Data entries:
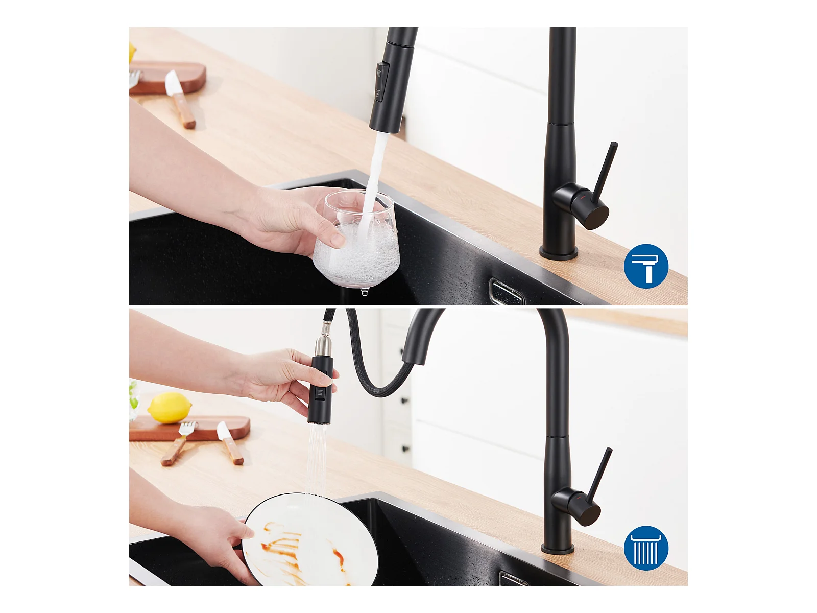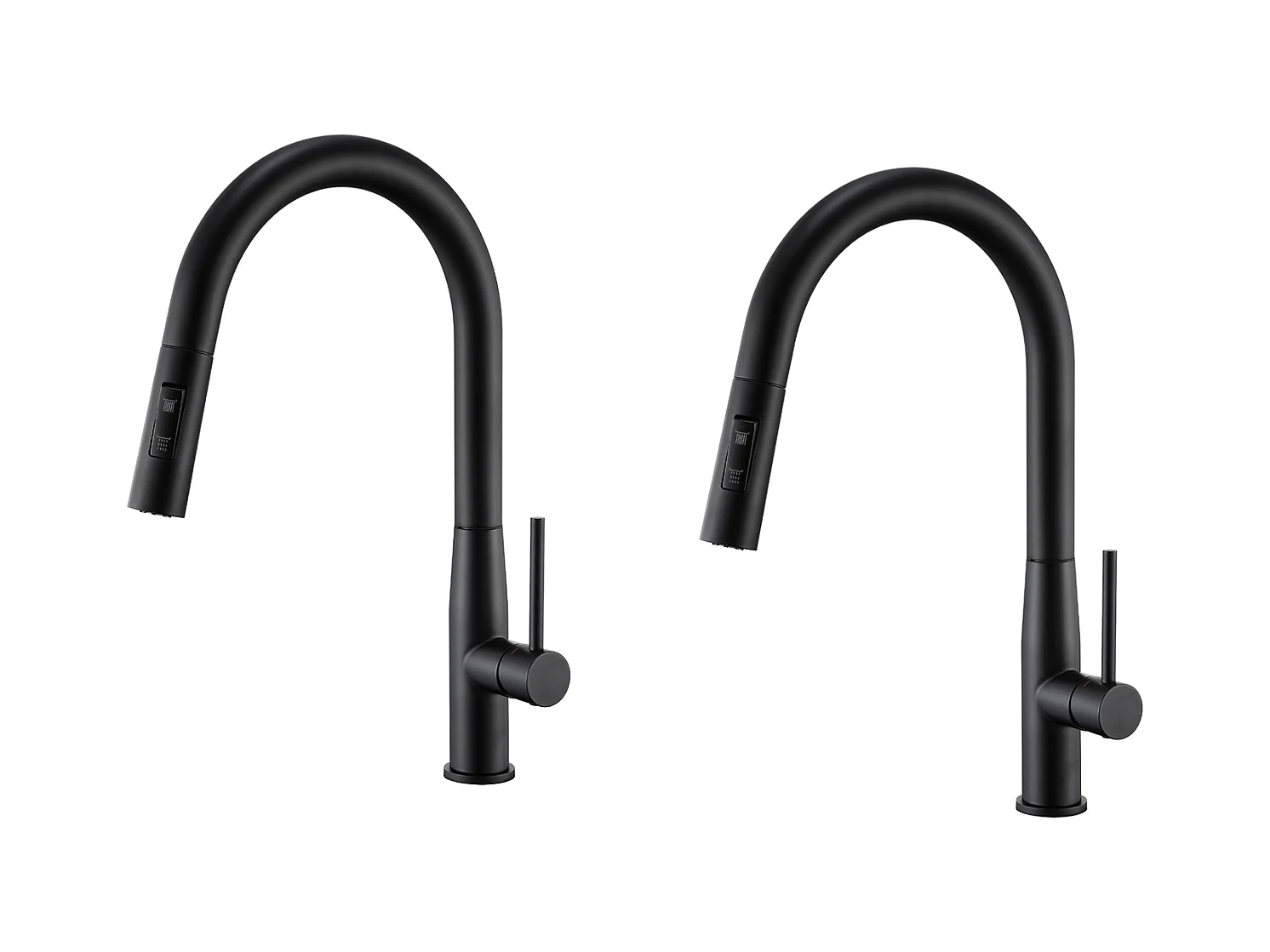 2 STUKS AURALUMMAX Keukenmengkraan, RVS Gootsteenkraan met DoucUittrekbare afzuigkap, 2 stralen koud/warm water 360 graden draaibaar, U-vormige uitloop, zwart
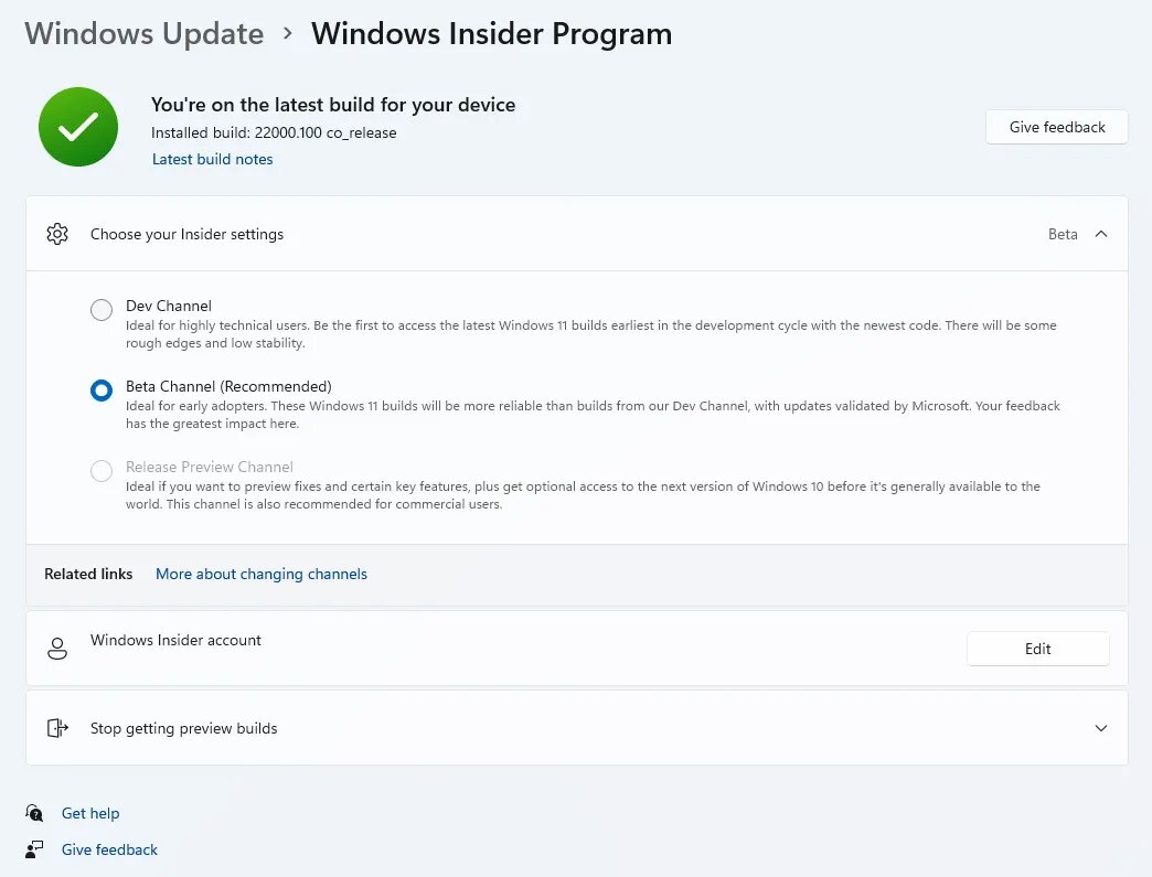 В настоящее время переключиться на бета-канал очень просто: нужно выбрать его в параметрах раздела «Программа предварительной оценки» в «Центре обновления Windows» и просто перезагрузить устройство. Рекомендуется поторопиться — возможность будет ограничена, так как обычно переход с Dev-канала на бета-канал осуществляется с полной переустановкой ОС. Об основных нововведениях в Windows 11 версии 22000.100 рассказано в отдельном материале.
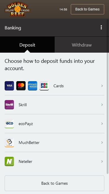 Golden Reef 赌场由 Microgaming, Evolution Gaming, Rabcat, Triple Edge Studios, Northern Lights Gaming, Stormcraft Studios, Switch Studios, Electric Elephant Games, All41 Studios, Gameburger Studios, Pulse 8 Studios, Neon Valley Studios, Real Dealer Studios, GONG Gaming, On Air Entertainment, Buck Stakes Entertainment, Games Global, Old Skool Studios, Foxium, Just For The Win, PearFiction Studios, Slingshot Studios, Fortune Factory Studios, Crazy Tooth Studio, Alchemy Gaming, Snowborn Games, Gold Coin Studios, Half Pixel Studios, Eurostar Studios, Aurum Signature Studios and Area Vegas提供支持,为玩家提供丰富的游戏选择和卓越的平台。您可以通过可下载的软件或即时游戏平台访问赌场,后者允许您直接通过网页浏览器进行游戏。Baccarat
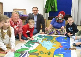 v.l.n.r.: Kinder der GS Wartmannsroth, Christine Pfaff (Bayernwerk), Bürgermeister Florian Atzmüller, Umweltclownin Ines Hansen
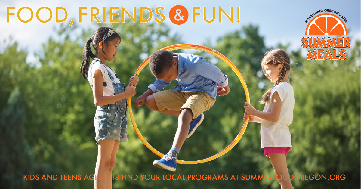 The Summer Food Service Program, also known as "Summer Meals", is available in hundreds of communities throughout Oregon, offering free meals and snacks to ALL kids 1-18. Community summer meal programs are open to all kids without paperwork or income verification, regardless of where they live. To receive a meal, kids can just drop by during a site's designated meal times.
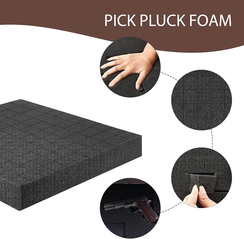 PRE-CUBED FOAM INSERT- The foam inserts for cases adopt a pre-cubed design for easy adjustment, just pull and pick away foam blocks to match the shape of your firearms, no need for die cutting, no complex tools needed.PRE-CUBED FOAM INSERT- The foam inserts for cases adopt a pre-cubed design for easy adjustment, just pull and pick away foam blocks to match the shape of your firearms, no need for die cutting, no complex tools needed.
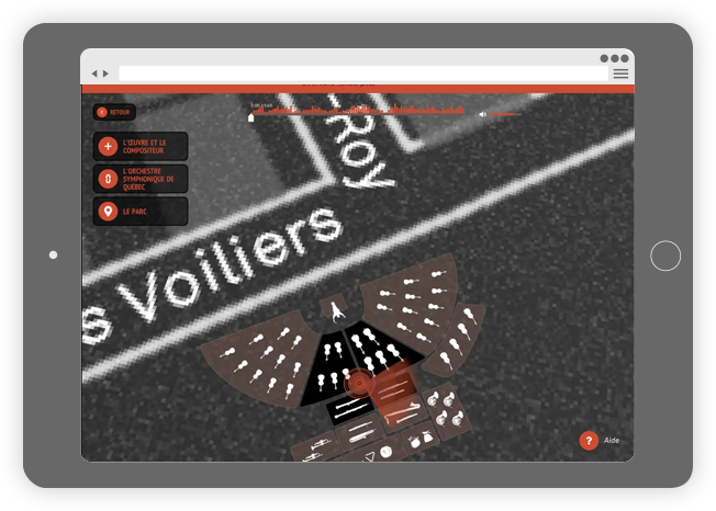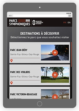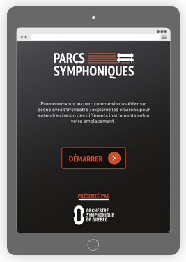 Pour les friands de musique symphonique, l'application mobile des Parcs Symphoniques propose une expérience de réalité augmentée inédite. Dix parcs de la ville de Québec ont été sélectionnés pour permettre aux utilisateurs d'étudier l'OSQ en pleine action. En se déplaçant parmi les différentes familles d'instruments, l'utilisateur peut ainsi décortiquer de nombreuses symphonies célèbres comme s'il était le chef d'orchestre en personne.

→ **Task statement**:
A word-for-word copy of all the data is required, minus the pictures.

→ **Your response**:
 2 STUKS AURALUMMAX Keukenmengkraan, RVS Gootsteenkraan met DoucUittrekbare afzuigkap, 2 stralen koud/warm water 360 graden draaibaar, U-vormige uitloop, zwart
 В настоящее время переключиться на бета-канал очень просто: нужно выбрать его в параметрах раздела «Программа предварительной оценки» в «Центре обновления Windows» и просто перезагрузить устройство. Рекомендуется поторопиться — возможность будет ограничена, так как обычно переход с Dev-канала на бета-канал осуществляется с полной переустановкой ОС. Об основных нововведениях в Windows 11 версии 22000.100 рассказано в отдельном материале.
 Golden Reef 赌场由 Microgaming, Evolution Gaming, Rabcat, Triple Edge Studios, Northern Lights Gaming, Stormcraft Studios, Switch Studios, Electric Elephant Games, All41 Studios, Gameburger Studios, Pulse 8 Studios, Neon Valley Studios, Real Dealer Studios, GONG Gaming, On Air Entertainment, Buck Stakes Entertainment, Games Global, Old Skool Studios, Foxium, Just For The Win, PearFiction Studios, Slingshot Studios, Fortune Factory Studios, Crazy Tooth Studio, Alchemy Gaming, Snowborn Games, Gold Coin Studios, Half Pixel Studios, Eurostar Studios, Aurum Signature Studios and Area Vegas提供支持,为玩家提供丰富的游戏选择和卓越的平台。您可以通过可下载的软件或即时游戏平台访问赌场,后者允许您直接通过网页浏览器进行游戏。Baccarat
 v.l.n.r.: Kinder der GS Wartmannsroth, Christine Pfaff (Bayernwerk), Bürgermeister Florian Atzmüller, Umweltclownin Ines Hansen
 The Summer Food Service Program, also known as "Summer Meals", is available in hundreds of communities throughout Oregon, offering free meals and snacks to ALL kids 1-18. Community summer meal programs are open to all kids without paperwork or income verification, regardless of where they live. To receive a meal, kids can just drop by during a site's designated meal times.
 PRE-CUBED FOAM INSERT- The foam inserts for cases adopt a pre-cubed design for easy adjustment, just pull and pick away foam blocks to match the shape of your firearms, no need for die cutting, no complex tools needed.PRE-CUBED FOAM INSERT- The foam inserts for cases adopt a pre-cubed design for easy adjustment, just pull and pick away foam blocks to match the shape of your firearms, no need for die cutting, no complex tools needed.
 Pour les friands de musique symphonique, l'application mobile des Parcs Symphoniques propose une expérience de réalité augmentée inédite. Dix parcs de la ville de Québec ont été sélectionnés pour permettre aux utilisateurs d'étudier l'OSQ en pleine action. En se déplaçant parmi les différentes familles d'instruments, l'utilisateur peut ainsi décortiquer de nombreuses symphonies célèbres comme s'il était le chef d'orchestre en personne.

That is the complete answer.